La Gazzetta dello Sport (E. Esposito, V. Piccioni) – No, cosi no, non può essere. Maledetti rigori, ancora loro. Come 39 anni fa. E pensare che era stato tutto così bello: la vigilia, l’attesa, l’inizio, Francesco Totti che “posta” la coreografia con il gigantesco “Figli della lupa”, una collezione fantastica di sorrisi, di là e di qua, a Budapest e a Roma, alla Puskas Arena e all’Olimpico, tanti segni premonitori, la sensazione di una serata magica, gli inni giallorossi cantati a squarciagola. Fino al gol di Paulo Dybala, e chi se non lui. Tutto perfetto. Una notte delle favole, delle lacrime, una notte in cui sembrava che uno scatenato entusiasmo avesse battuto quattro a zero ogni forma di scaramanzia.

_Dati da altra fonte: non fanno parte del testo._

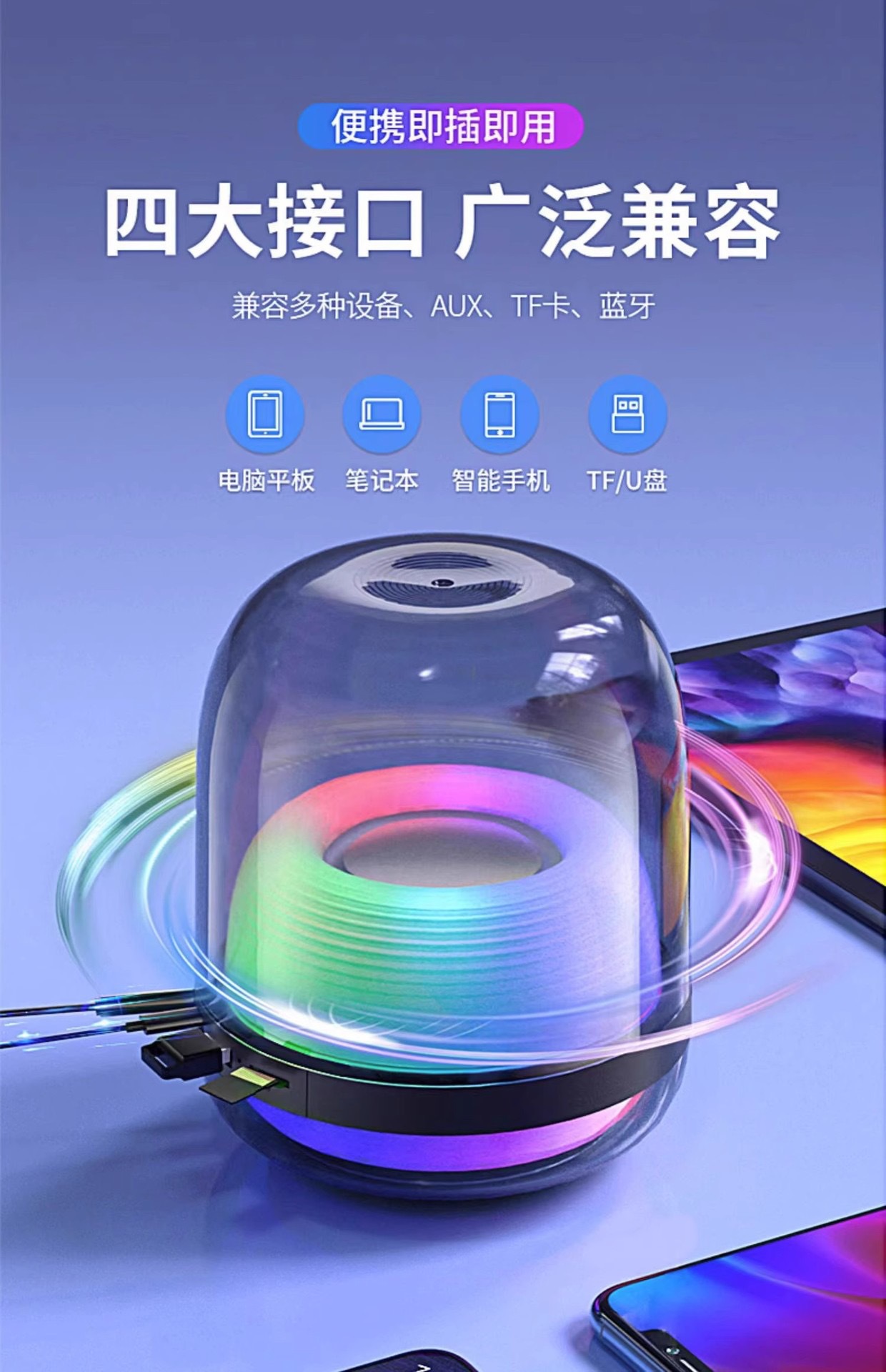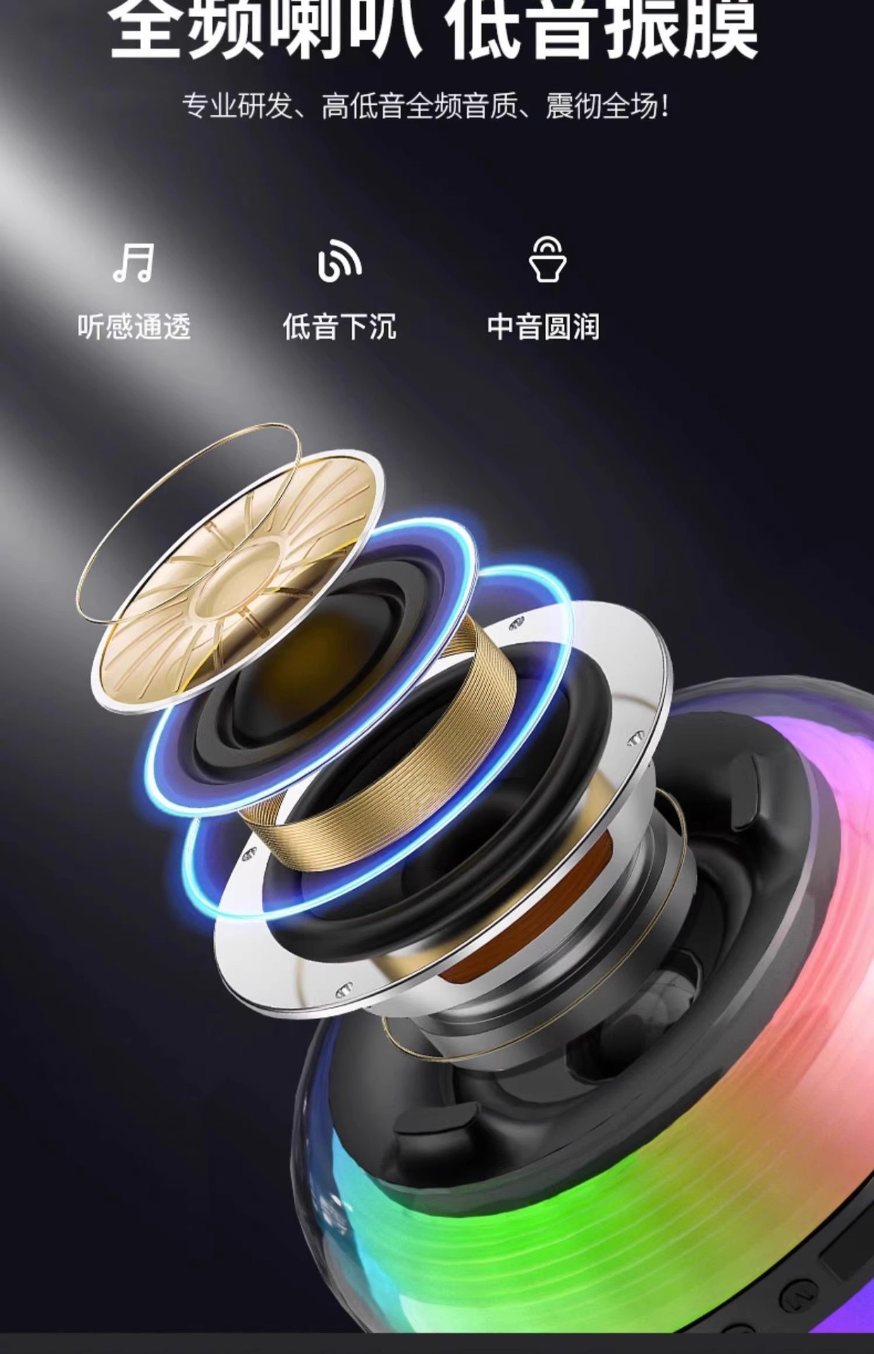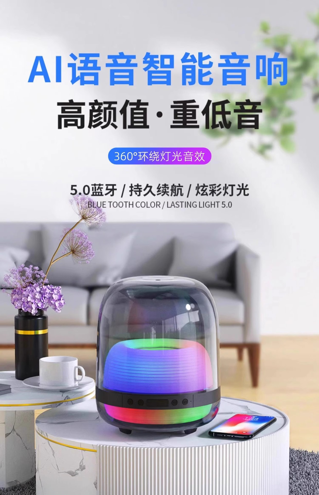 源头工厂L20无线智能蓝牙音响炫酷彩灯超低音炮居家桌面蓝牙音箱

C’era pure la storia di mezzo, la storia dei due stadi: Ferenc Puskas, a cui è intitolata l’Arena della capitale ungherese, segnò la prima doppietta del lungo romanzo dello stadio Olimpico nel 3-0 che la sua nazionale rifilò all’Italia. Magari da lassi qualche parolina l’avrebbe potuta dire. Un “trattami bene Roma”. E invece no. E invece ora c’è un altro pezzo di storia, tristemente molto più noto, che riempie di questa notte il sogno diventato incubo, i maledetti rigori di Roma-Liverpool del 1984, proprio all’Olimpico. Più romanisti No, così no, non può essere.

Sulle strade di Budapest, e più tardi allo stadio, la supremazia numerica della tifoseria giallorossa si era fatta con il passare delle ore schiacciante. Cori, sciarpe e birre senza eccedere nei punti di ritrovo allestiti dalla Uefa, il Fan Festival di piazza degli Eroi (qui le due tifoserie si sono pure mischiate) e la Fan Zone esclusivamente romanista del City Park. Il corteo dei tifosi, sorvegliatissimo dalla polizia ungherese, è stato molto vivace ma composto. 

No, così no, non può essere. Con un Olimpico che s’e riempito all’improvviso, proprio come fanno gli stadi spagnoli. Con quella prima inquadratura dei tifosi giallorossi di Budapest che ha prodotto il primo applauso con lo speaker a dire: “Questi sono i nostri!”. E poi il primo boato alla zoomata su Mourinho, l’urlo spezzato all’occasionissima di Spinazzola, i silenzi pieni di speranza al momento della Var per l’intervento su Abraham che ha fatto gridare al rigore. E poi quel gol che sembrava aver risolto tutto e invece non aveva ancora risolto niente come diceva Mourinho con quel gesticolare del tipo: “Calma, non è successo niente”.